“It’s a free market, but LivingSocial is using Wal-Mart principles against the creative community,” said Michael Clements, founder of ArtJamz, a District-based company that hosts painting parties. “There has got to be another way for them to use their millions than to compete with creative businesses.”
Clements was troubled to learn that for one of the first events at its venue, LivingSocial offered a two-hour painting class, complete with wine, for $29, half the price he typically charges. Adding insult to injury, 3,326 people purchased tickets for the event, about the total number of customers ArtJamz hosted in 2011.
“We don’t have a million-person [e-mail list] like LivingSocial,” Clements said. “They built that list because people wanted access to the merchants at a discount. They run the deals, get money from merchants and something even more valuable: analytics and demographics” to replicate what works on their own.
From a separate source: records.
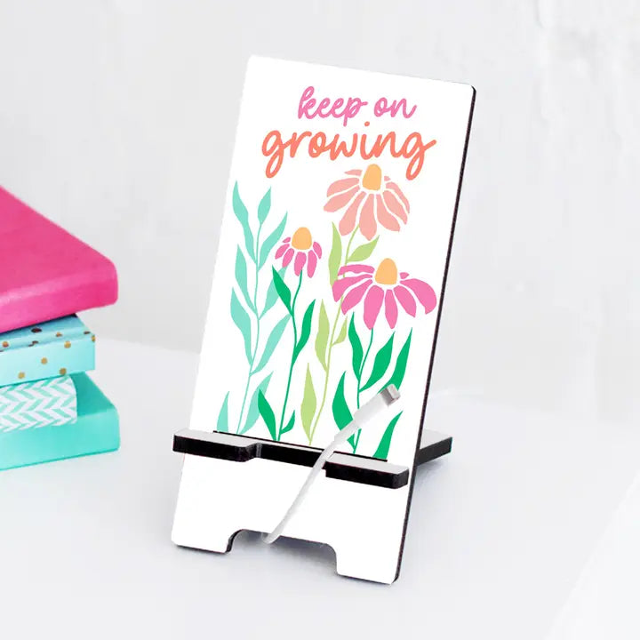 Whether on a desk, kitchen counter, or a nightstand, one thing is for sure- this phone stand is a fun and functional way to brighten up any space and stay organized. Use this Phone Stand as a charging dock with your charging cable/convenient cord cutout or as a phone holder while watching a video or reading a recipe!
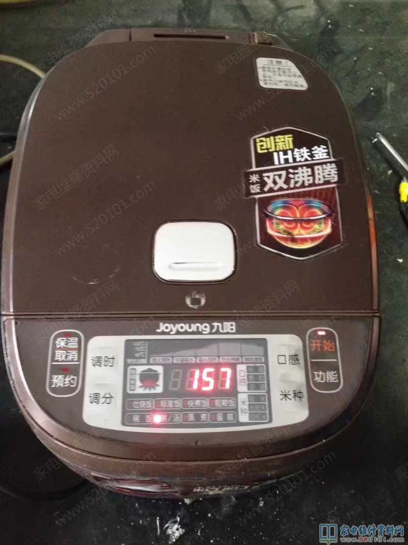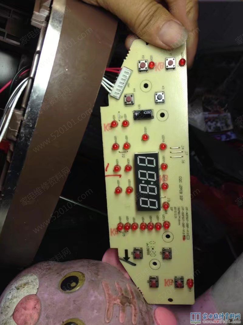最近接修一台九阳JYF-I50FS07 IH电饭煲,插电有“滴”一声复位,显示屏显示0000,所有按键无反应,拆开一看,原来是电磁式加热的。首先检查300V及18V和5V都正常,疑按键板有问题,检修中发现此机按键板供电是独立与主板供电的,单独一路供电给按键板,按键板与主板通讯通过两个光耦完成。
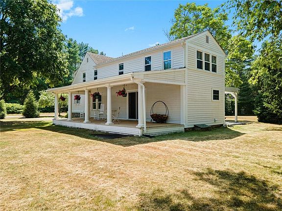 Tucked away on Hillsdale Road is this stunning circa 1800 built home that exudes charm, character, and period details with modern updates. You will be pleasantly welcomed by an expansive covered porch overlooking the large yard, a perfect spot for your morning coffee or relaxing with a good book after dinner. Inside you will find beautiful hardwood floors throughout the over 2300 square feet of living space. The first level boasts a large living room with a gorgeous stone fireplace that has a wood stove insert, gleaming hardwood floors and built in shelves. The kitchen has been updated with granite counters and stainless steel appliances and flows nicely into the dining room. Also on the first level is a large foyer with glass French Doors leading to the front porch and an entry door leading to the pergola covered stone patio. Finishing off the first floor is a full bathroom with conveniently located washer & dryer. The second level features a spacious primary bedroom, 3 additional bedrooms, a full bathroom, and a relaxing sitting area located at the top of the stairs. With over an acre of land there is plenty of room for all your outdoor activities. 11 Hillsdale Road is the charming, updated Antique Home you have been waiting for.
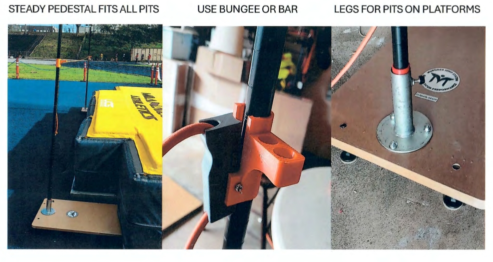 - Eliminates fear of injury for more advanced jumpers doing back drills off a platform and/or jumping at high heights where fear of landing on the bar is real. Removes the “OUCH!” factor.
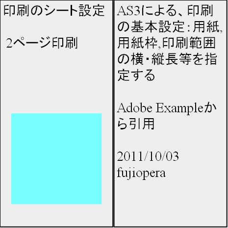 createSheet(sheet2, "AS3による、印刷の基本設定:用紙,用紙枠,印刷範囲の横・縦長等を指定する\n\nAdobe Exampleから引用\n\n2011/10/03 fujiopera", null);
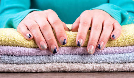 Beautiful fingers with manicure on the towel. Manicure in a beauty salon.
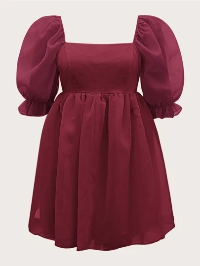 SHEIN MOD Plus Square Neck Puff Sleeve Dress - Burgundy - View 1

The complaint surprised Doug Miller, LivingSocial senior vice president for new initiatives, who envisioned the space as a testing — not burial — ground for merchants.
“It’s really designed as a platform to bring local merchants together with members in a new way to create unique experiences,” he said.
Celebrity chef Mike Isabella, Miller noted, used the venue to try out recipes for the Mexican restaurant he plans to open in Georgetown this spring called Bandolero.
“Our space supports area businesses,” Miller said. “We’d like to invite people like ArtJamz, and people in that community, to experience it and discuss ways they can use the platform.”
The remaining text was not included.